La Iglesia, cuerpo de Dios

La Ascensión del Señor

Hechos 1, 1-11
Salmo 46
Efesios 1, 17-23
Marcos 16, 15-20


Hoy celebramos una fiesta solemne, uno de los tres “jueves que relucen más que el sol”, según la tradición cristiana. Las tres fiestas son como una progresión, una escalada de tres cumbres hacia un misterio muy hondo y bello que tiene la virtud de cambiar nuestra vida.

En el Jueves Santo Jesús deja a sus amigos su único mandamiento, el del amor, y ofrece su cuerpo y su sangre. Se despide y a la vez se queda con ellos para siempre mediante la eucaristía. En Corpus Christi volvemos a celebrar con solemnidad esta realidad: que Jesús realmente está entre nosotros y nos da su vida, su cuerpo y su sangre. ¡Su amor nos salva! En la Ascensión, parece que el mensaje sea diferente, pues Jesús “sube al cielo para sentarse a la derecha de Dios”. ¿Acaso nos deja? No, sino que da un paso más allá. Su presencia sigue entre nosotros y nos envía al Espíritu Santo. Nace la Iglesia como comunidad donde inaugurar su reino en esta tierra.

Podría parecer que la Ascensión es la fiesta del Dios que sube al cielo, que se aleja.

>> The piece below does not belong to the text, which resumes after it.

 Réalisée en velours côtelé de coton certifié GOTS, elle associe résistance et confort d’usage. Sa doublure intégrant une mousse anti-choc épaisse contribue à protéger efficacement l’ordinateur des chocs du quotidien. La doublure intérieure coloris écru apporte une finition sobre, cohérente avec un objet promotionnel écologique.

Así lo viven los apóstoles en un primer momento. Se quedan arrobados mirando a las alturas y los ángeles tienen que hacerles reaccionar: «Galileos, ¿qué hacéis ahí plantados mirando al cielo?»

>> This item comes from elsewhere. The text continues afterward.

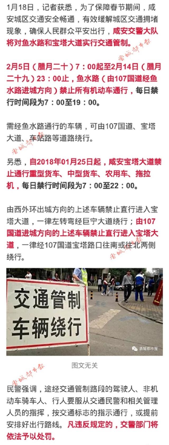 18日悉,為保障春節(jié)期間,咸安城區(qū)交通安全暢通,咸安交警大隊(duì)將對(duì)魚水路和寶塔大道實(shí)行交通管制。途經(jīng)交通管制路段的駕駛?cè)?、行人要服從交通民警和相關(guān)管理人員的指揮,按交通標(biāo)志的指示通行。凡違反規(guī)定的,將依法處罰。具體路段

En realidad, en ese momento en que Jesús “sube” para estar con el Padre, se produce algo diferente: es el cielo el que baja hasta la tierra, a través de la Iglesia. El Padre, siempre presente; el Hijo, en el pan y el vino eucarístico, y allí donde dos o más se reúnen en su nombre, y el Espíritu Santo que todo lo penetra con su gracia. La ascensión es, en realidad, la fiesta que culmina el descenso de Dios al mundo. Este Dios que es amor, que es amigo y aliado nuestro, construye su hogar definitivo entre nosotros para quedarse y acompañarnos siempre.

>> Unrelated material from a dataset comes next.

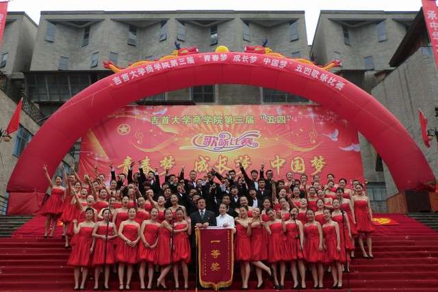 比赛中,2012级经济班学生身着苗服,一个个充满自信、充满力量。一首《家乡有条猛洞河》唱的高亢、有力,表现出了湘西儿女对家乡的热爱与思念;2011级会计一班班主任张生强老师上场朗诵演唱,自然、亲切、婉转的演唱让人陶醉;2012级会计一班精心设计的《四渡赤水》情景表演点燃了全场的欢呼,高水平的演唱再现了红军当年斗争的坚韧不拔,以及深厚的军民鱼水情;2011级市场营销班学生方队整齐,把一首《万里长城永不倒》唱得铿锵有力,雄狮舞动,鼓声震动,引起台下掌声阵阵;老年艺术团的一首《欢迎到湘西来》将湘西民俗美景展现得淋漓精致,他们自创的一曲《开创新时代》,充满激情活力,表现出对中国梦实现的充分信心!最后,学院全体齐唱《歌唱祖国》、《william威廉英国校歌》,再一次把现场推向了高潮。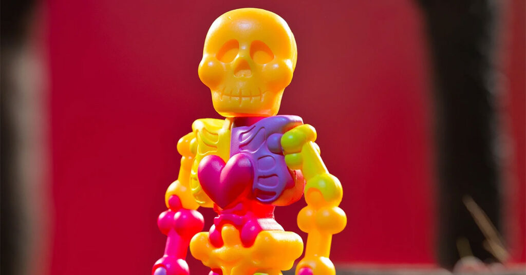 Super7 has debuted another take on the classic confection Mr. Bones with an all-new fluorescent variant of its Mr. Bones ReAction figure. Past releases have included a traditional figure as well as a glow-in-the-dark variant.(Image: Super7)This latest 3.75” articulated Mr. Bones ReAction Figure arrives in bright fluorescent colors inspired by the vintage puzzle candy treat and comes with a tombstone accessory. The figure is available for purchase now for $20 at Super7.com.Made by Fleer, Mr. Bones was a novelty puzzle candy first released in 1977. The candy was packaged in a plastic coffin filled with candy bones that you could connect, like a puzzle, to create a skeleton. The candy was discontinued in the mid-90s.

San Pablo en su carta a los Efesios reza para que el Espíritu nos ilumine y nos haga comprender cuánto don hemos recibido. Dios todo lo ha puesto bajo los pies de Jesús, y todo lo ha dado a la Iglesia. Es decir, que nos lo ha dado todo: amor sin medida, gracia, fuerza, poder, capacidades y talentos… Más aún, se nos ha dado a sí mismo, el máximo tesoro. Con él tenemos todo el bien imaginable en nuestras manos, ¡basta que lo aceptemos! Si fuéramos conscientes de esto, jamás tendríamos motivo para quejarnos ni ganas de estar tristes y desanimados. Ojalá en esta fiesta de la Ascensión convirtamos nuestras parroquias y comunidades en verdaderas embajadas de su reino, verdaderos cielos en medio de la tierra.